The fourth chapter concludes with a discussion of animal semiotics and examines the work of Jakob von Uexkull, Vicki Hearne, and Gilles Deleuze and Felix Guattari, with an emphasis on the notion of "becoming-animal." It includes a section on animal sensuality and smell in the work of Freud, Adorno and Horkheimer, and Alain Corbin. This chapter charts the reinscription of early twentieth century thinkers such as Bergson and Freud in contemporary critical theory.
The final two chapters of the book focus on literary representations of the animal and the relationship between cinema and animality. The section on literature consists primarily of readings of Lewis Carroll, Franz Kafka, and Akutagawa Ryunosuke and their attempts to render new modes of animal being. It serves as a passage to the book's final subject, visual arts and the advent of cinema.
The discussion of cinema begins with an interpretation of the role that animals play in the pre-history of the medium, especially in the photography of Etienne-Jules Marey and Eadweard James Muybridge. Through the analyses of early twentieth-century filmmakers and theorists such as Sergei Eisenstein, Dziga Vertov, and Germaine Dulac, this section seeks to establish the manner in which film came to be understood as a form of electric life or anima. The final section of the book closes with a speculative analysis of film as a form of animal "language."
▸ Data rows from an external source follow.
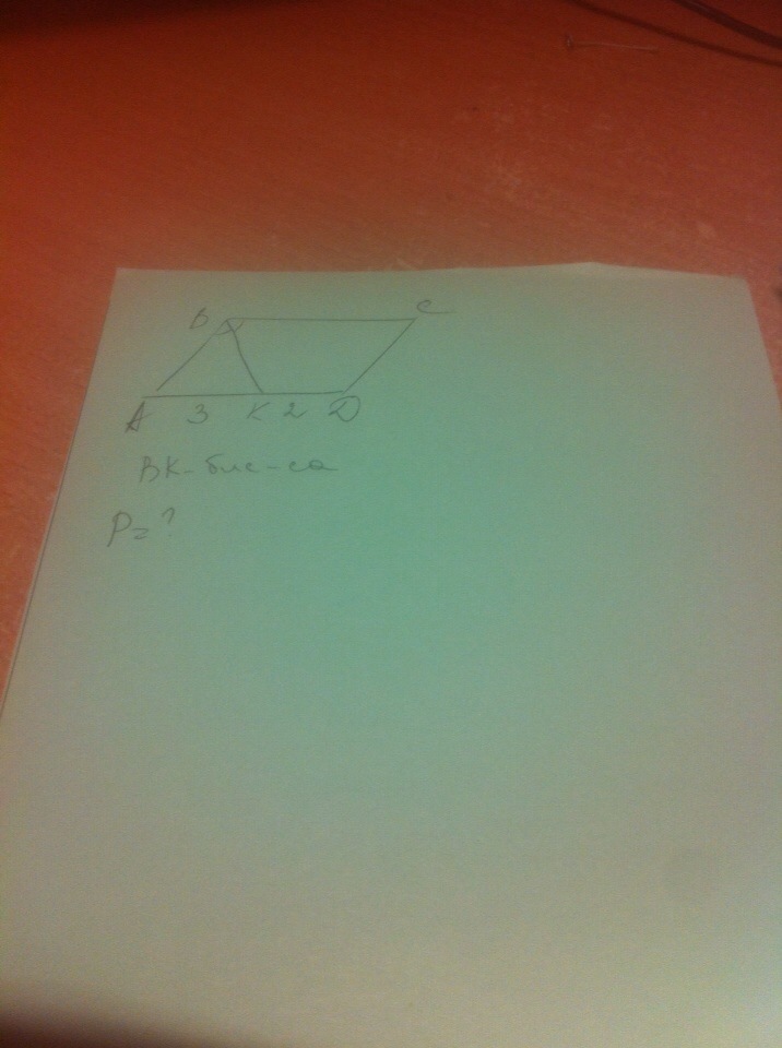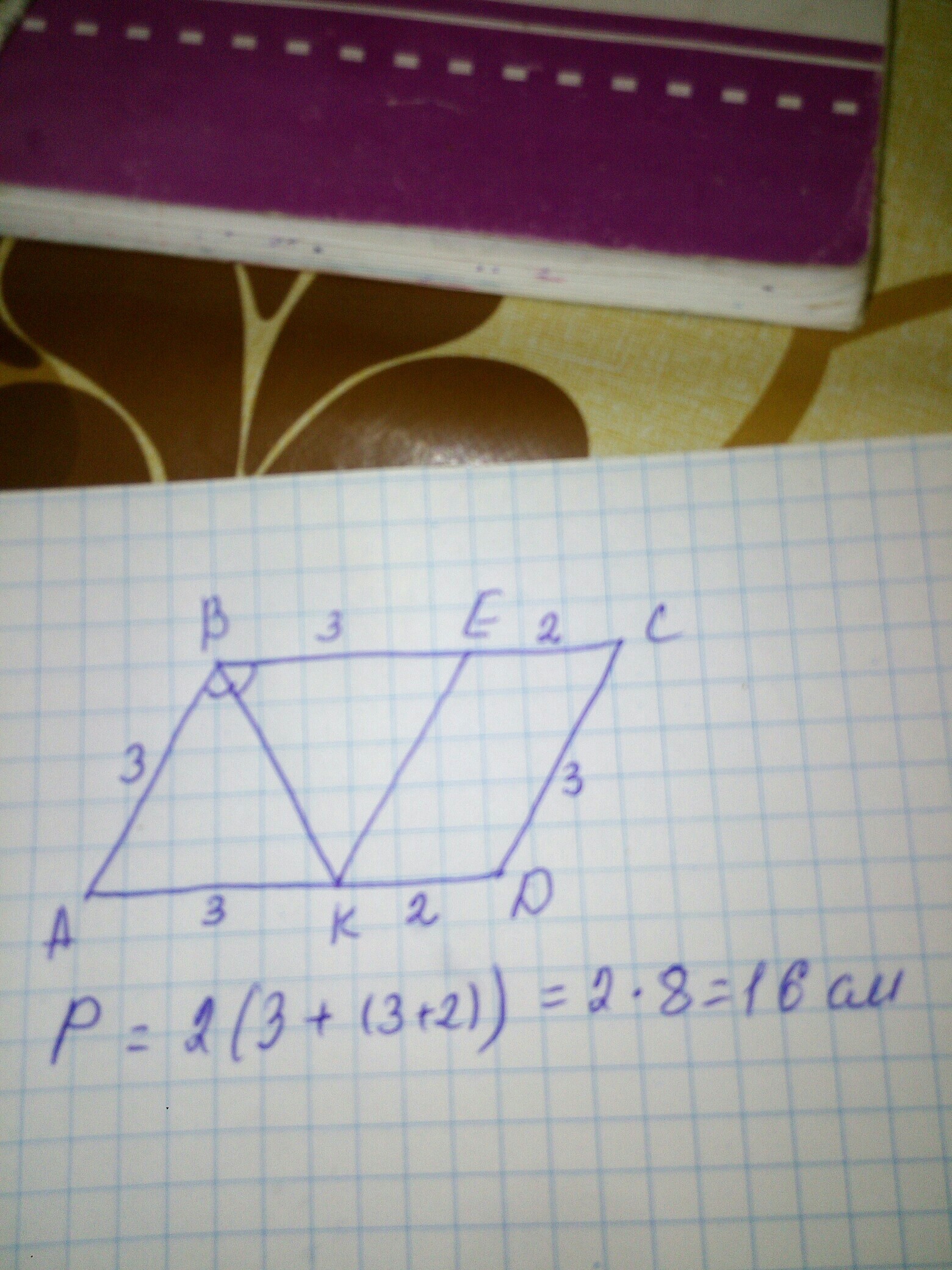 проведем из точки K паралельную BC, ,и отметим точку сечения с BC буквой E. получим ABEK квадрат. следовательно BE= AB=DC=3. P=2*(3+3+2)=16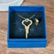 It comes in a small blue presentation box with one key, 40-46cm adjustable necklace with lobster clasp, and a single lock. Please note: the box colour may change depending on stock.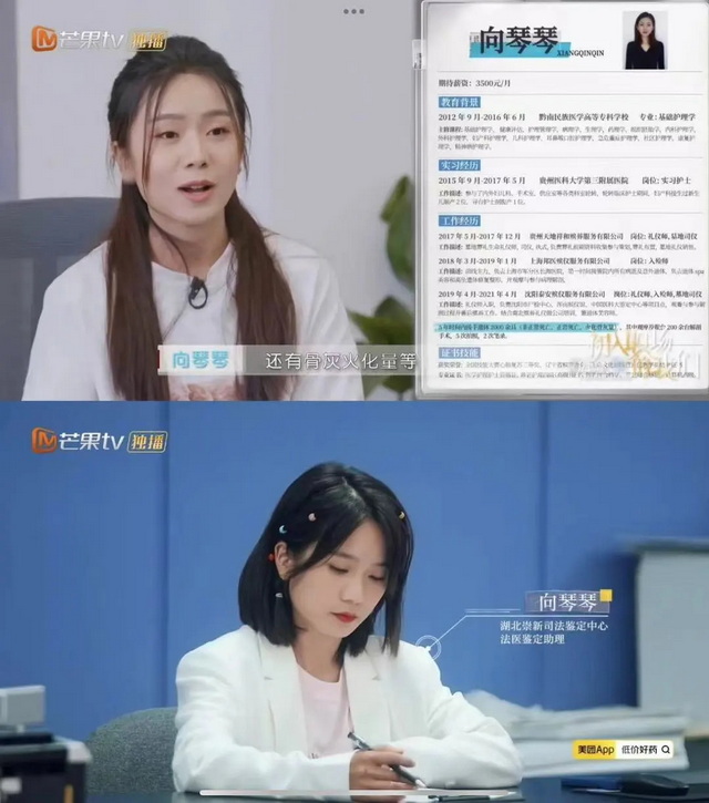 其中,@向琴琴 还参与了《初入职场的我们·法医季》《法医探案团》等综艺节目的录制,将女性法医的真实面貌进一步推向主流传播语境,提升了职业的公共可见度和认知温度。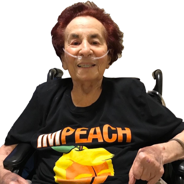 A bad look? Has Hegseth ever looked at our Commander-in-Chief, the bloviating porcine bigot in a red tie? Mom could have taken General Bone Spurs to the mat. (I am strictly non-partisan, but Mom wasn’t. Here’s a photo of her, two days before she passed away at 97, smiling in her “Impeach Trump” T-shirt.)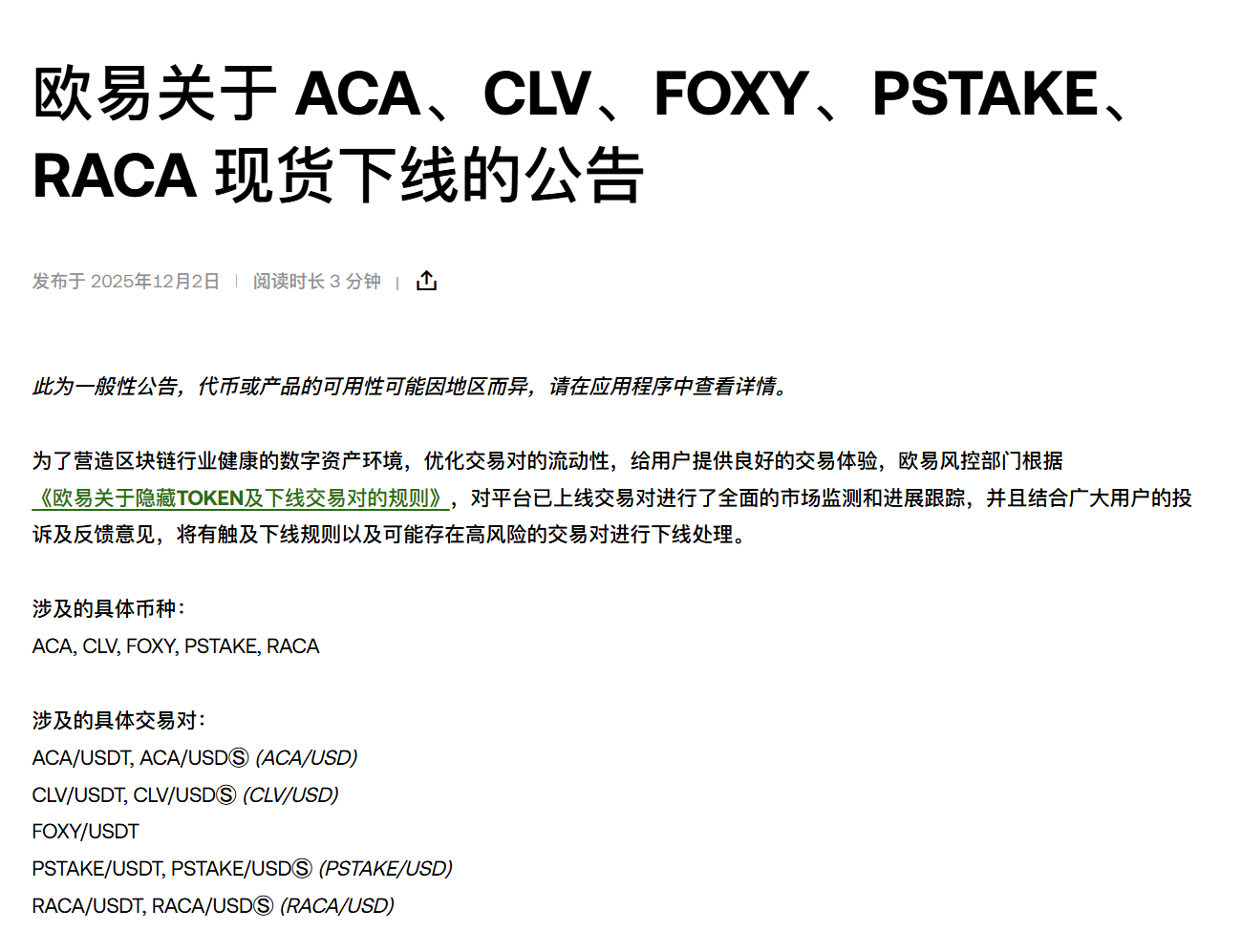 深潮 TechFlow 消息,12 月 2 日,据官方公告,OKX 将下架以下币种的现货交易:ACA, CLV, FOXY, PSTAKE, RACA。

The concluding chapters recapitulate the role of the animal in affecting the dynamic of modernism. By shifting the place of the animal in relation to human consciousness, language, and identity, certain forms of modernist thought and art developed a radically different epistemological frame. Cinema, one of the emblematic technologies of the twentieth century, is seen as having cast the question of the animal in an entirely new light.